00:30At Francis, our standards are extremely high.
00:33The person we're after needs to be a little bit more like us.
00:37When you walked into the interview, I thought,
00:39now here's someone that can offer my kids something different.
00:43That's what I came to discuss.
00:46I'm starting a school choir.
00:48You want to rub your hands together like this.
00:51You can tell me what choir's about.
00:52Singing?
00:53Yeah.
00:54Pātea, pātea, toto pā.
01:00Okay, that's a work in progress.
01:04If you disrespect the master, you exercise.
01:06Your power.
01:07This is a teaching institution.
01:10Otherwise you'd get the jandal.
01:12With love, of course.
01:14I wanted to tell you guys about a national choir competition called the Big Sing.

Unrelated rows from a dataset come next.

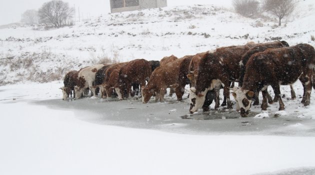 Doğu Anadolu Bölgesi'nde etkili olan Sibirya soğukları hayatı olumsuz etkilerken, yaban hayatını da etkiledi. Büyük bölümü buzla kaplanan gölde suyun keyfini çıkaran yaban ördekleri, görenlerin ilgisini çekti.
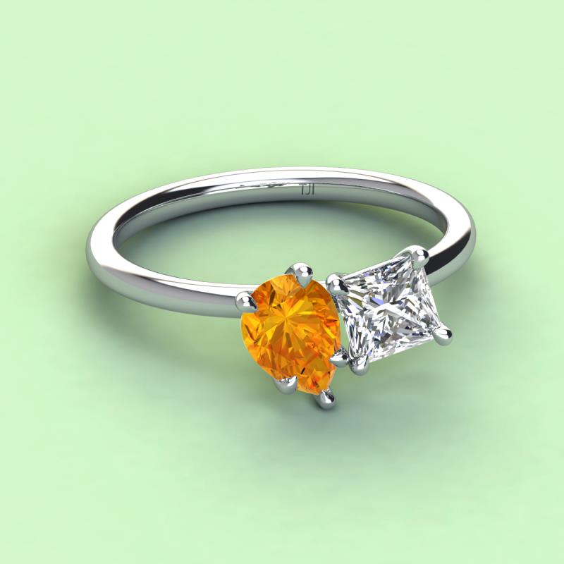 Pear Shape Citrine & Princess Shape Certified Lab Grown Diamond 2.40 ctw Four Prong Womens 2 Stone Duo Engagement Ring 18K White Gold More Details ...
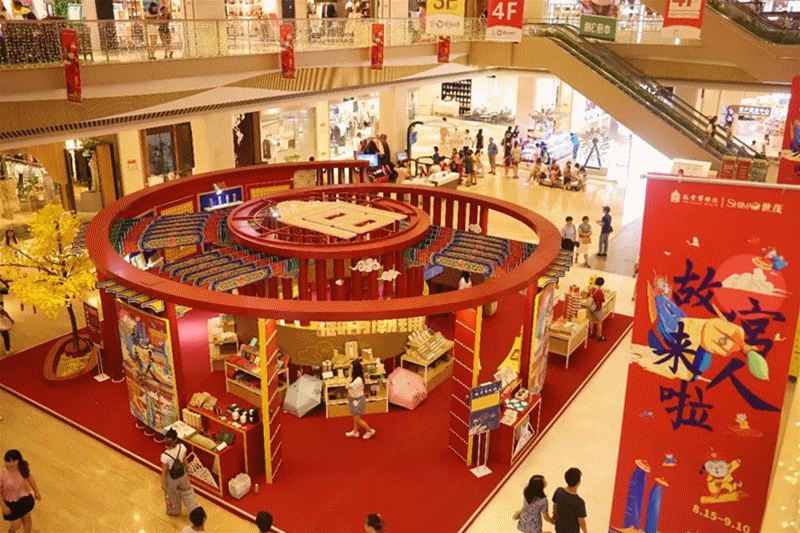 2019年“潮玩过大年”主题活动中,上海世茂广场将传统文化引入中国传统的重要节日——春节,在设计风格上,整个故宫快闪店采用朱红、明黄、石青等皇家传统颜色,祥云、故宫房梁花纹等元素借鉴了紫禁城的建筑艺术风格。
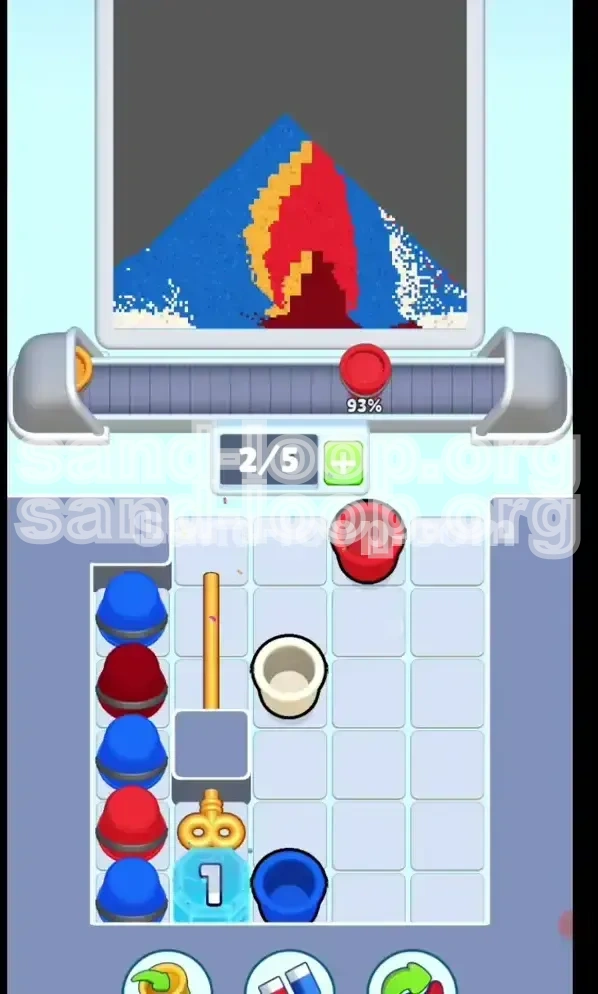 • "Blue Bleed": If Blue sand falls into the Red zone, don't panic. Immediately load a Bright Red cup and pour it directly over the "contaminated" area. Red is visually dominant and will cover the Blue if you pile it high enough.
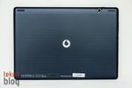 Tabletin noktalı dokularla kaplı plastik arka yüzeyinin ortasında Vodafone’un logosu yer alırken, bu logoyla aynı dikey doğrultuda, altta tabletin üreticisi olan Lenovo’nun logosu dikkat çekiyor. 5 megapiksel kameraysa hemen üst kenarla buluşma noktasında, arkadan bakıldığında sağa doğru yanaşık şekilde yerleştirilmiş. Hoparlörler de kamerayla aynı doğrultuda, sağ ve sol kenarlara yakın şekilde konumlandırılmış.
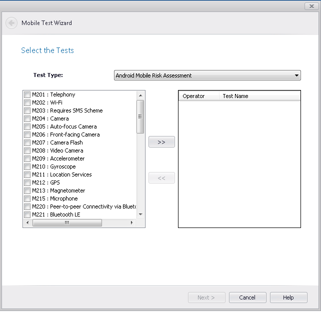 AdminStudio’s mobile risk assessment tests enable you to find out which features a specific mobile app uses, such as telephone, location services, camera, microphone, etc. You can enhance this testing by using the Mobile Test Wizard to create custom tests that combine risk assessment checks with AND or OR operators.
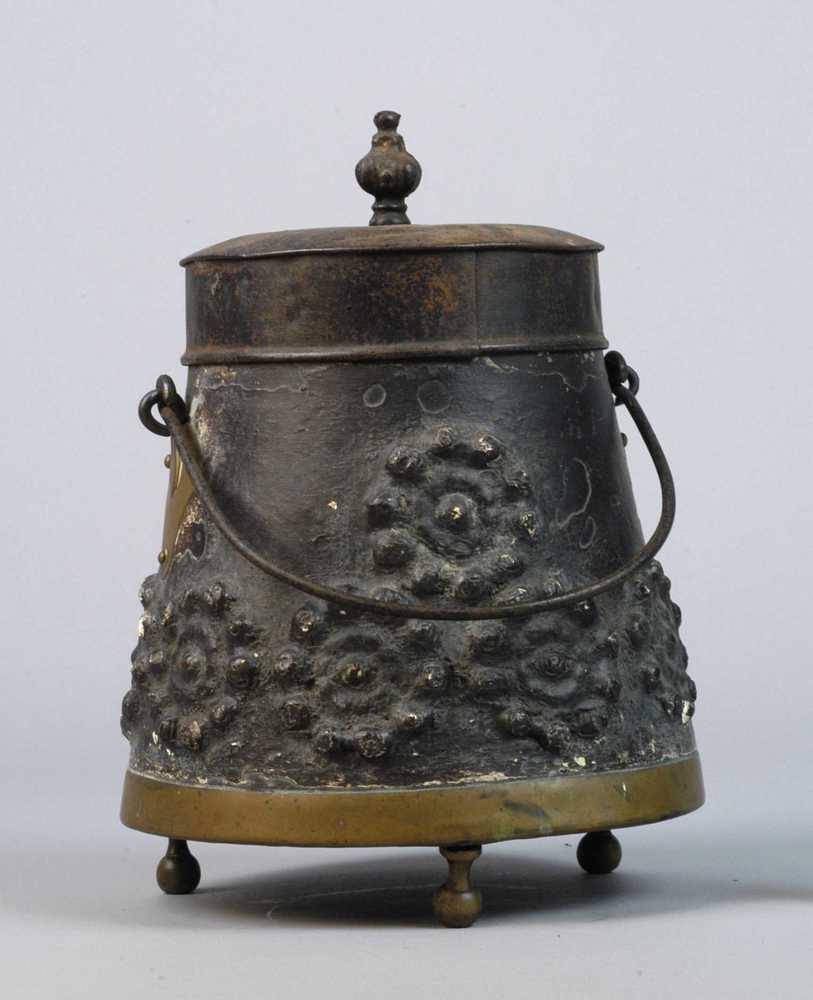 koperen doofpot met deksel en hengselen 3 pootjes, 1...

01:18I think you should do it.
01:21What is this?
01:22These are a bunch of spoiled rich kids that have everything they could ever want.
01:25You don't know them.
01:27You can't just throw some Sunday school group together and sing kōng pō ia.
01:31You felt that I could give these kids something.
01:34This is that something.
01:36I want you to promise me that you will not stop singing.
01:41Focus on the breaths around you.
01:43The space between us.
01:45It connects us.
01:47To our choir, our family, to our community.
01:52She's now gone.
01:54I see her in every kid that you've ever taught.